Tracheobronchopathia osteochondroplastica has been described as a rare benign condition affecting the tracheobronchial tree. The majority of patients with this disorder remain asymptomatic throughout their lives unless airway obstruction develops, in which case they might present with cough, expectoration, and recurrent lower respiratory tract infections. 1 Go

Chest radiography has been found to be nondiagnostic for the primary lesion.
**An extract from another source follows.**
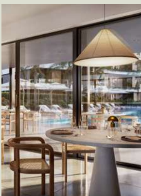
Restó privado & Wine bar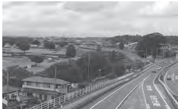
鬼怒グリーンパーク(左側)と国道4号

However, in symptomatic patients with airway occlusion, there might be evidence of collapse or bronchiectasis distal to the narrowing in the lumen. The characteristic computed tomographic scan finding of a "beaded or scalloped" appearance of the tracheal wall has not often been documented; however, it can help identify the calcific nodules that often protrude into the lumen. 2 Go Bronchoscopic findings have described the lesion as resembling a rock garden or having a cobblestone appearance. 3 Go

The lesion has most often been reported to occur in the lower two thirds of the trachea and occasionally has been found to involve the proximal bronchi as well. It is rare that exclusive bronchial involvement, as seen in our patient, has been reported. 2 Go

The cause remains unknown, although there are numerous theories. Chronic infection, congenital anomaly, chemical or mechanical irritation, degenerative or metabolic abnormalities, and genetic predisposition have been considered as possible factors. 4 Go The uncertainty of the pathogenesis is evident from the numerous and sometimes contradictory theories that have been proposed. 5 Go

Historically, tracheobronchopathia osteochondroplastica has not been frequently recognized ante mortem because most patients remain asymptomatic. The treatment is generally conservative in patients with mild symptoms. However, in patients with more debilitating symptoms related to severe airway obstruction, various modalities of treatment, such as endoscopic excision of tumor, laser therapy, and sleeve resections of the trachea have been attempted with varying degrees of success. 2 Go Surgical resection of the lung would be indicated in patients with parenchymal lung disease resulting from long-standing occlusion of the airway.

References

  1. Hodges MK, Israel E. Tracheobronchopathia osteochondroplastica presenting as right middle lobe collapse. Chest. 1988;94:842-844.[Abstract/Free Full Text]
  2. Nienhuis DM, Prakash UBS, Edell ES. Tracheobronchopathia osteochondroplastica. Ann Otol Rhinol Laryngol. 1990;99:689-694.[Medline]
  3. Clee MD, Anderson JM, Johnston RN. Clinical aspects of tracheobronchopathia osteochondroplastica. Br J Dis Chest. 1983;77:308-314.[Medline]
  4. Akyol MU, Martin AA, Dhurandhar N, Miller RH. Tracheobronchopathia osteochondroplastica. a case report and a review of the literature. Ear Nose Throat J. 1993;72:347-350.[Medline]
  5. Meyer N, Dossing M, Broholm H. Tracheobronchopathia osteochondroplastica. Respir Med. 1997;91:499-502.[Medline]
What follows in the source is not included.